Tuesday, February 06, 2007

Molecular hopeful monsters?

When I took evolutionary theory as an undergraduate one of the concepts we learned about was that of of a hopeful monster-a radically new form of an organism arising, say by mutation. The hopeful part refers to the idea that these abruptly produced form might be adaptive in it's environment. The prevailing thought today is that this sort of leap probably doesn't happen at least not in the way envisioned by it's proponents.

A recent paper by Joanna Masel in Genetics 172:1985-1991(2006) takes a fresh look at the hopeful monster issue in terms of a model of two types of mutations that she calls "Hopeful monster" mutations and conversely "hopeless monster" mutations. Her use of these terms is crucially different than other uses because they refer to the fitnesses of the mutations rather than to a large phenotypic change. A "hopeful monster" mutation has reduced fitness in most environments but only slightly reduced fitness and may be adaptive in certain rare circumstances if the environment changes. "Hopeless monster" mutations have greatly reduced fitness in all environments.

Most of the time, both types of mutations ought to decrease in frequency relative to the alleles with the highest fitness in a particular environment. But what about when the population is subject to reduced selection for a time? Various authors cited by Masel have speculated that this sort of reduced selection, or as she terms it "shielding" may lead to a build up of potentially adaptive combinations of mutations when the environment changes and the mutations then become subject to natural selection. But she notes that this idea is controversial; After all if a population is adapted to it's environment then it is unlikely that a mutation will arise that will make it more adaptive.

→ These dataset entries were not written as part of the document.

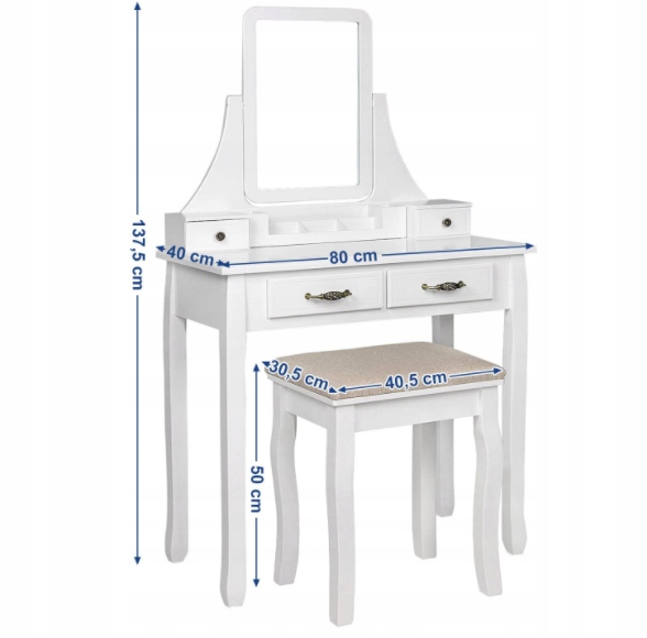 - Wymiary toaletki: 80 × 137,5 × 40 cm (szer. × wys. × gł.)
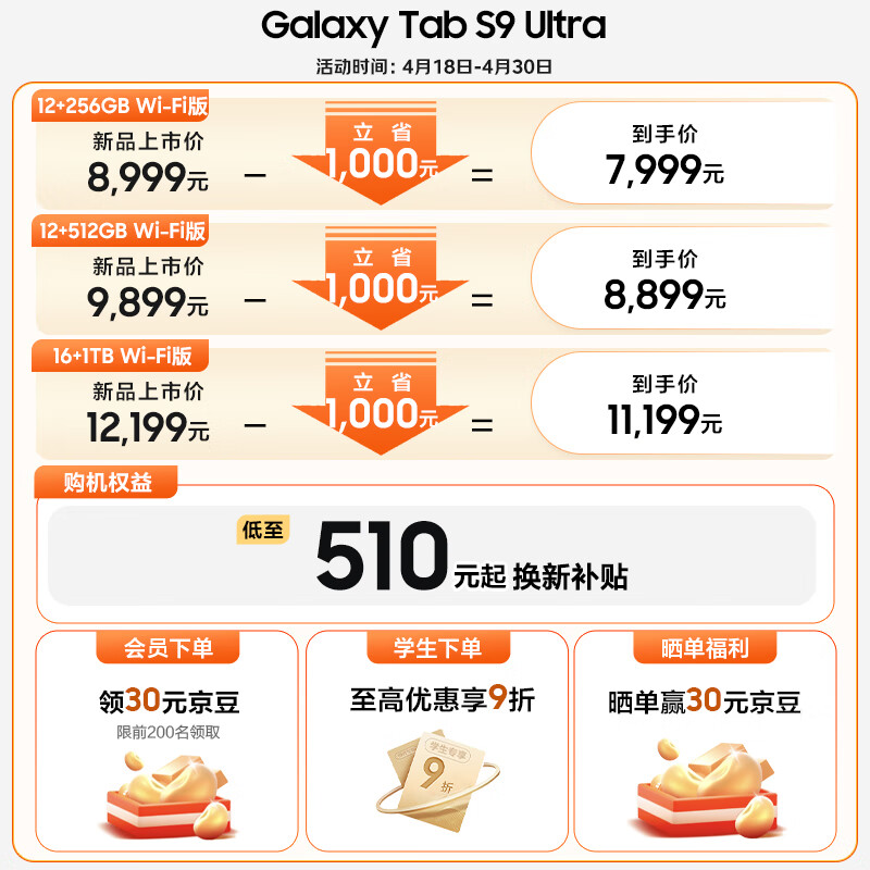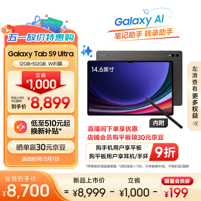 三星(SAMSUNG)S9 Ultra Al智享学习办公平板电脑14.6英寸 120Hz 12G+512GB WIFI版 AI平板 云影灰价格:8899.00元!
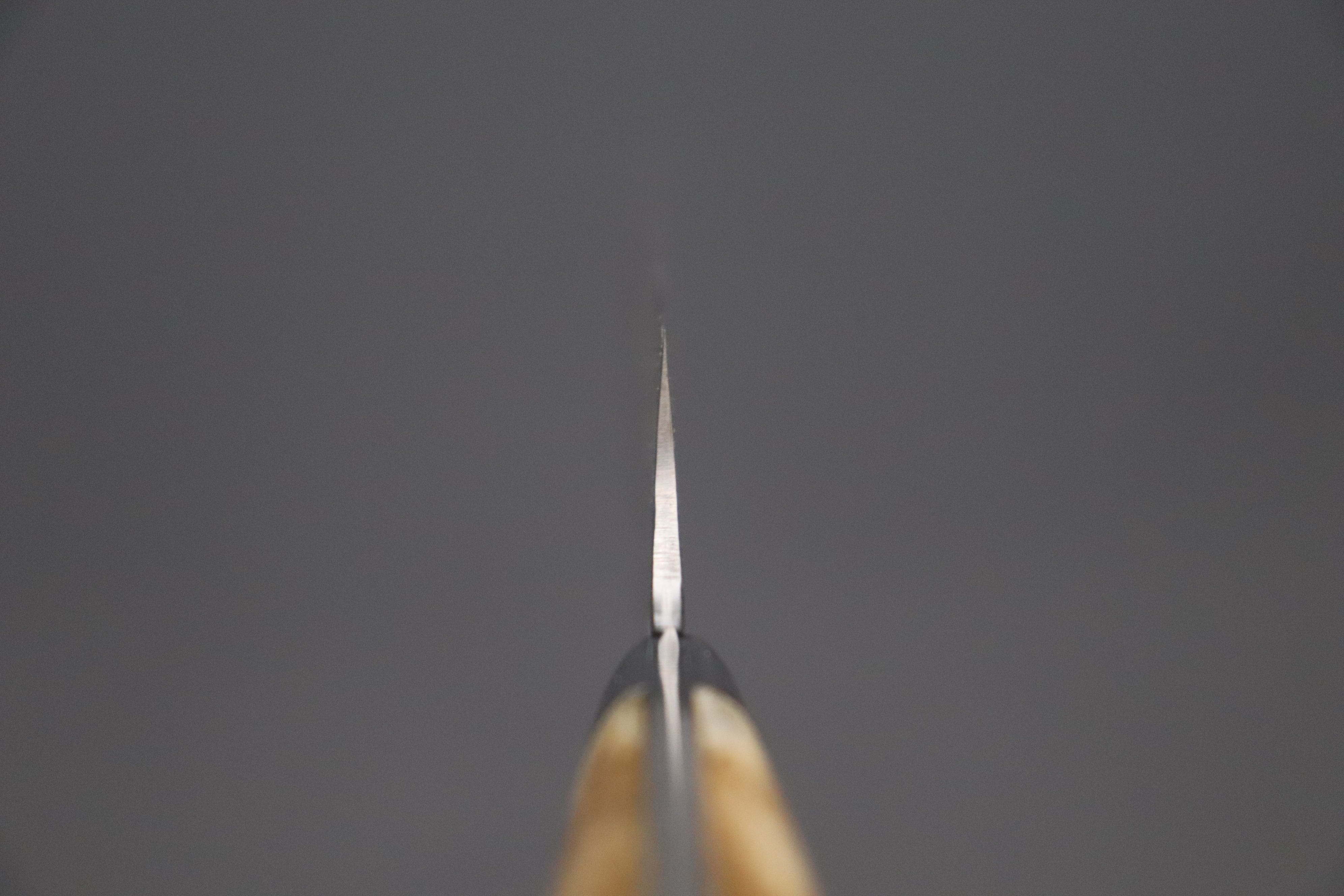 Katana Slicer is easily identifiable by their blade tips, which look similar to that of a Katana. The long, narrow blade of Katana slicer is particularly useful for slicing meat, boneless fish, roast beef and ham. The long blade allows the meat or fish to be cut in one single drawing motion, from heel to tip.

From the point of view of her model, both sorts of mutations may accumulate when selection is muted or "shielded" but possibly adaptive combinations of "hopeful monster" mutations might be swamped by the fitness effects of hopeless monster mutations.

Masel investigates a simple model of a haploid population and she makes a number of simplifications to make the mathematics tractable, a very common strategy in population genetics. Indeed rather than being just two classes of mutations based on fitness effects it is more likely that there is a broader range of fitness distributions. She also assumes that the shielding or 'hiding' parameter S2 is constant across all mutants. So for instance in terms of selective coefficients, the fitness of a "hopeful monster" allele would be 1-S1*S2 where S1 is a small selection coefficient. For a hopeless monster allele a corresponding fitness would be 1-S2 since she makes the simplifying assumption that when these alleles are lethal. This may seem confusing but if the hopeless monster mutant is lethal then its corresponding selective coefficient when S2 is one is itself 1.0.

Another assumption she makes and one I wonder about is an assumption that environmental change is rare relative to the time scale of genetic drift, something that may not be true for very large populations. However this seems a conservative assumption since large populations are exactly the sort of populations where her model ought to work best, if it is going to work at all.

Her simplified model yields some interesting results. First of all her results suggest a Goldilocks effect with respect to when selection is weakened (S2 <>> 1/U. Again this makes some sort of sense, if most mutations that arise are of the hopeless monster sort, then it should difficult for potentially adaptive mutations to be maintained as part of the variation when selection is weakened.

What is really interesting is that the amount of potentially adaptive cryptic genetic variation that accumulates when selection is shielded is increased as deleterious mutations accumulate when selection is weak. This affect is enhanced, according to her model, for adaptations that might require particular combinations of mutations. She claims this is relevant to theoretical attempts to estimate the rate at which adaptive combinations of mutants might arise, which she sees as significantly underestimating this rate because the do not account for the enrichment of "cryptic" genetic variation when selection is relaxed.

She then discusses some situations where her model's concepts might apply. For instance yeasts have a prion called PSI+ that when it appears, clumps the non prion protein Sup35, depleting this protein. Sup35 is a termination factor for translation so the effect of removing this protein is to cause the ribosome to increase the rate at which it reads through the normal termination site, exposing cryptic variation presumably in the normally untranslated trailer region of the RNA.

It seems to me that good experimental systems might involve domestication especially in animals where domestication often seems to lead to relaxed selection on certain aspects of the phenotype. Presumably the affects of relaxed selection could be investigated in yeast or bacterial systems to mimic the effects of domestication. Her model is also relevant to the concept of preadaptation to which the term exaptation is applied today. She notes that the sort of cryptic variation she discusses can be "coopted" in the same way that a trait adapted for one function is often adapted for another function. Indeed she seems to be arguing for a use of the word preadaptation for populations in which the sort of enrichment of cryptic variation she postulates has taken place.

She also sees her work as relevant to an important theoretical question namely whether or evolvability itself can evolve. In other words perhaps mechanisms that allow populations to tap into hidden variation or otherwise evolve more rapidly might themselves might evolve. Personally I have been skeptical of this sort of thing, but maybe it is worth another look.